Test dataset: Design evaluation data that reveals system strengths and weaknesses
Automated evaluation: Use OpenAI-powered metrics to score response quality
MLflow interface: Track experiments and visualize results in an interactive dashboard
Results analysis: Interpret scores and identify areas for improvement

Quick Setup

Installation

Start by installing the necessary packages for this guide.

pip install 'mlflow>=3.0.0rc0' langchain-ollama pandas

Environment Configuration

We’ll use Ollama to run Llama3.2 locally for our RAG system. Ollama lets you download and run AI models on your computer, keeping your question-answering data private while eliminating API costs.

Ensure you have Ollama installed locally and the Llama3.2 model downloaded.

# Install Ollama (if not already installed)
# Visit https://ollama.ai for installation instructions

# Pull the Llama3.2 model
ollama pull llama3.2

Importing Libraries

Import the necessary libraries for our RAG system and MLflow evaluation.

import os
import pandas as pd
import mlflow
from mlflow.metrics.genai import faithfulness, answer_relevance, make_genai_metric
from langchain_ollama import ChatOllama
from langchain_core.prompts import ChatPromptTemplate
from langchain_core.output_parsers import StrOutputParser

# Note: Ensure Ollama is installed and llama3.2 model is available
# Run: ollama pull llama3.2

RAG System with Ollama Llama3.2

We’ll create a real RAG (Retrieval-Augmented Generation) system using Ollama’s Llama3.2 model that retrieves context and generates answers.
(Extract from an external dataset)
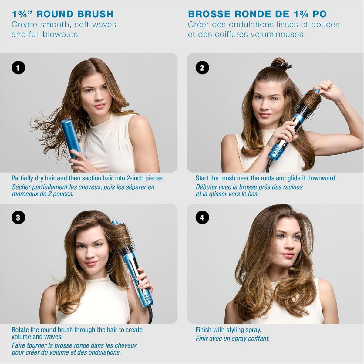 1-3/4″ Round Brush: Perfect for full blowouts and styling your hair in smooth, soft waves, adding volume to your salon-worthy look.
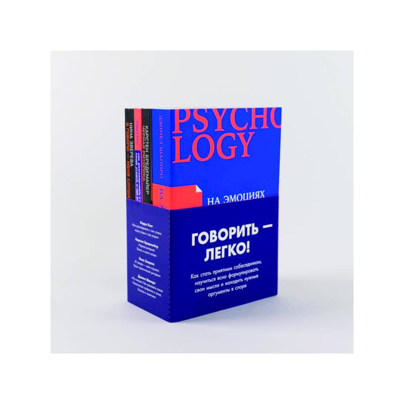 Как стать приятным собеседником, научиться ясно формулировать свои мысли и находить нужные аргументы в споре? В этом помогут книги «Альпины» об уверенном общении. Прочитав их, вы всегда сможете подобрать правильные слова и справитесь с эмоциями даже в самых сложных разговорах. Легендарный телеведущий и интервьюер Ларри Кинг в своем бестселлере «Как разговаривать с кем угодно, когда угодно и где угодно» делится советами, как уверенно вступать в беседу с самыми разными людьми, а главное – получать от этого удовольствие. Ее прекрасно дополняет «Черная риторика» Карстен Бредемайер – остроумная книга о том, как оставаться победителем в любом разговоре. Для тех, кому хочется с блеском выступать на публике, бизнес-тренер Нина Зверева в книге «Я говорю — меня слушают» дает практические советы, как побороть страх перед аудиторией, привлекать и удерживать внимание слушателей, выработать свой уникальный стиль и стать мастером публичной риторики. Завершает подборку увлекательная книга психолога и профессионального переговорщика Дэниела Шапиро «На эмоциях», в которой он объясняют природу конфликтов — от семейных ссор до международных споров, а также делится способами предотвращать их, регулировать и переживать с минимальными потерями.

This function creates a question-answering system that:

Takes a question and available documents as input
Uses the most relevant documents to provide context
Generates accurate answers using the Llama3.2 model
Returns both the answer and the sources used

def ollama_rag_system(question, context_docs):
    """Real RAG system using Ollama Llama3.2"""
    # Retrieve top 2 most relevant documents
    retrieved_context = "\n".join(context_docs[:2])
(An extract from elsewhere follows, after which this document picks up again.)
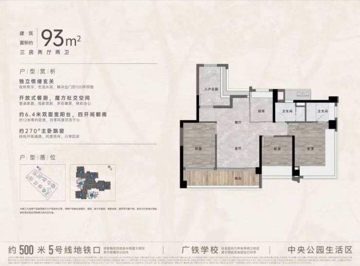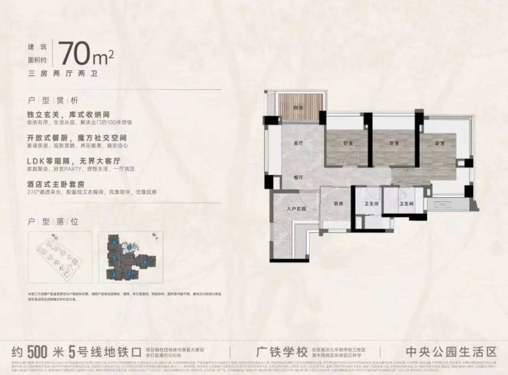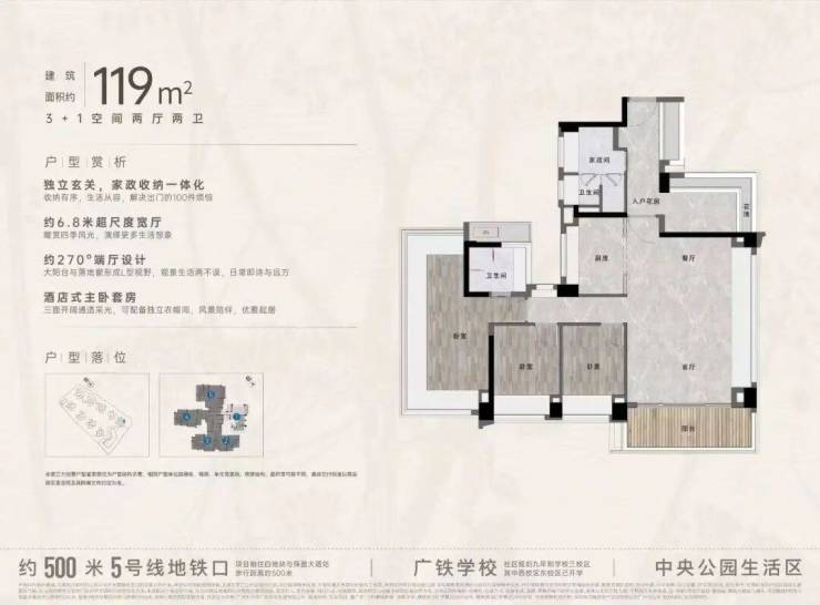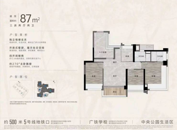 项目加推“中央公园”,紧邻大脚印公园,距离地铁约500米,紧邻学校、酒店,户型涵盖75-88㎡三房,105、125、142㎡四房。

    # Create prompt template
    prompt = ChatPromptTemplate.from_template(
        """Answer the question based on the provided context.
        Be concise and accurate.

        Context: {context}
        Question: {question}

        Answer:"""
    )

    # Initialize Llama3.2 model
    llm = ChatOllama(model="llama3.2", temperature=0)

    # Create chain and get response
    chain = prompt | llm | StrOutputParser()
    answer = chain.invoke({"context": retrieved_context, "question": question})

    return {
        "answer": answer,
        "retrieved_context": retrieved_context,
        "retrieved_docs": context_docs[:2],
    }

For implementing vector databases with Pinecone, see our Pinecone and Ollama semantic search guide.

Evaluation Dataset

An evaluation dataset helps you measure system quality systematically. It reveals how well your RAG system handles different question types and identifies areas for improvement.

To create an evaluation dataset, start with a knowledge base of documents that answer questions. Build the dataset with questions, expected answers, and context from this knowledge base.

For processing complex PDFs into RAG-ready data, explore our Docling document processing guide.

knowledge_base = [
    "MLflow is an open-source platform for managing the end-to-end machine learning lifecycle. It provides experiment tracking, model packaging, versioning, and deployment capabilities.",
    "RAG systems combine retrieval and generation to provide accurate, contextual responses. They first retrieve relevant documents then generate answers.",
    "Vector databases store document embeddings for efficient similarity search. They enable fast retrieval of relevant information."
]

eval_data = pd.DataFrame({
    "question": [
        "What is MLflow?",
        "How does RAG work?",
        "What are vector databases used for?"
    ],
    "expected_answer": [
        "MLflow is an open-source platform for managing machine learning workflows",
        "RAG combines retrieval and generation for contextual responses",
        "Vector databases store embeddings for similarity search"
    ],
    "context": [
        knowledge_base[0],
        knowledge_base[1],
        knowledge_base[2]
    ]
})

eval_data

Index	Question	Expected Answer	Context
0	What is MLflow?	Open-source ML workflow platform	MLflow manages ML lifecycles with tracking, packaging…
1	How does RAG work?	Combines retrieval and generation	RAG systems retrieve documents then generate answers…
2	What are vector databases used for?	Store embeddings for similarity search	Vector databases enable fast retrieval of information…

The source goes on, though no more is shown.